Keywords GitHub® ; GitHub Classroom; C++; HPX, Jupyterhub ; Cling, Telegram®
1 Introduction
Teaching C++ programming to non-computer science students comes with the burden of setting up an integrated
development environment (IDE). Most students struggle to install Visual Studio® on Windows® or Xcode® on
macOS® to compile the first assignment. Jupyterhub provides a solution to address this problem for the Python
ecosystem.
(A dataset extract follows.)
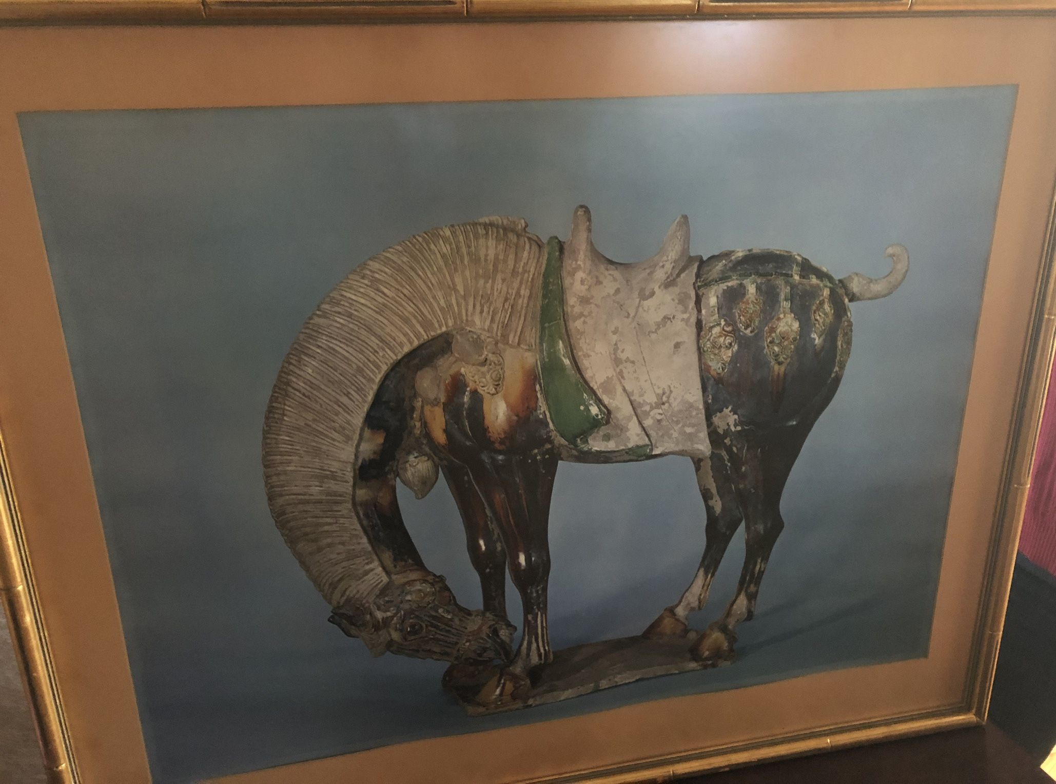 Framed print depicting a pottery figure of a saddled horse. Gold frame. Matted. Back of frame includes information about the original artwork. Image from The Art Institute of Chicago.

Thus, students can access the web server, use the notebooks, and work on their assignments without
dealing with the installation of any IDE. This paper shows how to extend Jupyterhub using the cling interpreter (cling
is the interpreted version of clang), and Pybind11, to compile C++ code within a Python notebook, freeing students
from installing any IDE and allowing them to focus on writing code. A second goal for the teaching environment we
have created is to enable students to play with C++ code interactively, to more rapidly experiment with different ideas
and algorithmic designs.
Another aspect of code development is communication within the open source community or the company. The major
issue here is remote communication while creating tickets, pull requests, or in commenting on these. Git is one of the
most widely used tools for software development, and GitHub® is one of the largest platforms in this space. GitHub®
Classroom extends GitHub® ’s functionality for teaching. By using this platform, students can improve their remote
communication skills by adding comments to the commit messages, generating pull requests on the semester-long
project, and reacting to instructor comments on their source code.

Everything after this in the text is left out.